Both ampullary ridges and spots are formed by a cluster of special sensory hair cells of an epithelial nature, participating in the lining of the ampullae, spherical and elliptical sacs and associated with sensory nerve endings.
The conductor of the vestibular analyzer is a chain of three neurons. The body of the first neuron is located in the vestibular node, located deep in the internal auditory canal and formed by bipolar neurons.
Both peripheral and central processes of these ganglion cells participate in the formation of the vestibular part (vestibular nerve) of the vestibulocochlear nerve.

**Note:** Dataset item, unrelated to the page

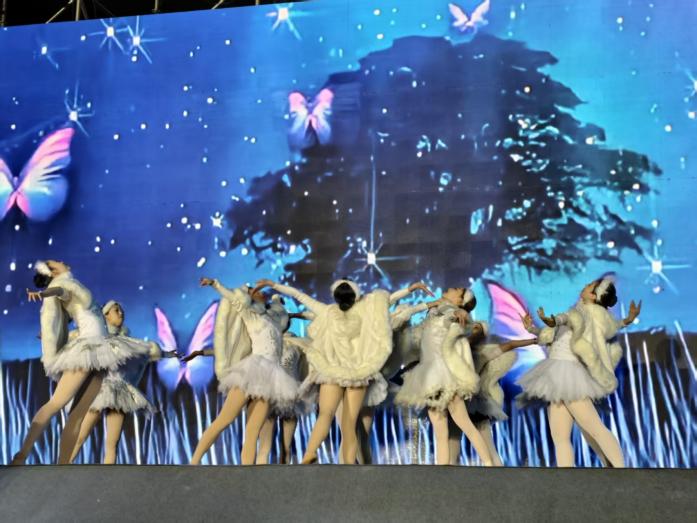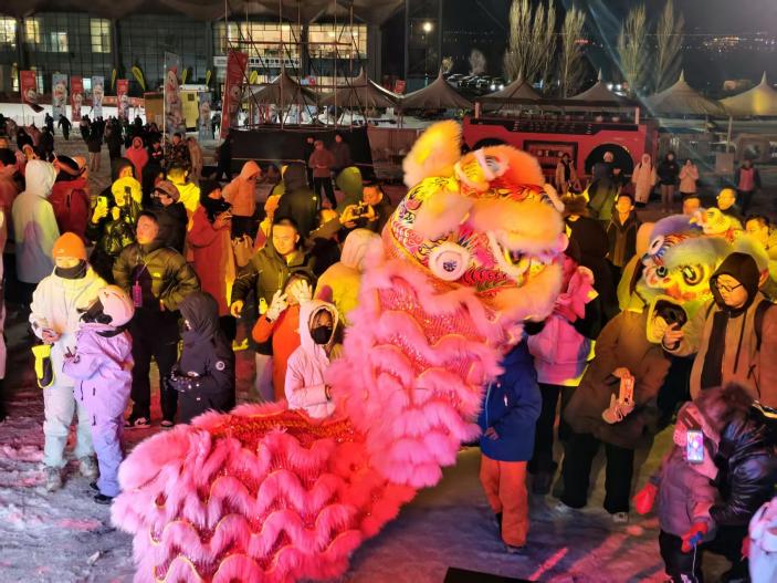 活动当晚,风情舞台文艺展演率先拉开帷幕,多元文化节目轮番登场,勾勒出乌鲁木齐文化共生共融的生动图景。舞狮表演开场即点燃全场氛围;8位艺人奏响的木卡姆旋律,将千年丝路文化底蕴与冰雪场景深度融合;非洲鼓舞以奔放节奏打破地域壁垒,与冰雪的纯净形成独特反差,尽显文化交流活力;舞蹈《飞天》则让敦煌经典形象“现身”冰雪世界,传统美学与现代舞台的碰撞带来强烈视觉冲击;《幸福欢歌》《草原香》等歌曲,更以质朴旋律唱出新疆民众的幸福生活。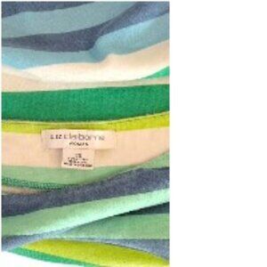 Liz Claiborne Short Sleeve Blue, Turquoise, Yellow, White Striped Top in 3X

The peripheral processes form synaptic contact with receptor hair cells, and the central processes in the pontocerebellar angle (behind the middle cerebellar peduncles) “enter” the substance of the pons, are divided into ascending and descending and “approach” the vestibular nuclei (ascending - to the superior nucleus, and descending ones - to the lateral, medial and inferior nuclei). The body of the second neuron is localized in the lateral and medial vestibular nuclei. The axons of the second neurons at the level of the bridge make a “transition” to the opposite side and end in the median nuclei of the thalamus, where the bodies of the third neurons are located. Their axons form a thalamocortical tract, “passing” through the middle of the posterior limb of the internal capsule and ending in the cerebral cortex.
The cortical end of the vestibular analyzer, according to most authors, is located in the cortex of the parietal and (or) temporal lobes. At the same time, versions are expressed in favor of the superior parietal lobule, supramarginal and postcentral gyri, as well as the superior, middle and inferior temporal gyri.
Diseases and lesions of the organ of balance and the vestibular nuclei of the pons lead to imbalance, deviation of the body to the side, dizziness, rhythmic twitching of the eyeballs (nystagmus) and autonomic disorders (nausea, vomiting, constriction of the pupils, decreased pulse, decreased blood pressure and cold extremities, increased sweating, increased intestinal motility). The clinical picture of damage to the cortical end of the vestibular analyzer is complemented by a violation of orientation in space.
2.2. Proprioceptive pathways to the cerebellum
These pathways relate to the pathways of unconscious proprioceptive sensitivity, which may have served as the main factor in the formation of such an ancient center of balance in the evolutionary sense, which is the cerebellum. Within the central nervous system, direct projections from the spinal cord to the cerebellum and those mediated through the reticular formation and the olive nucleus of the medulla oblongata are distinguished.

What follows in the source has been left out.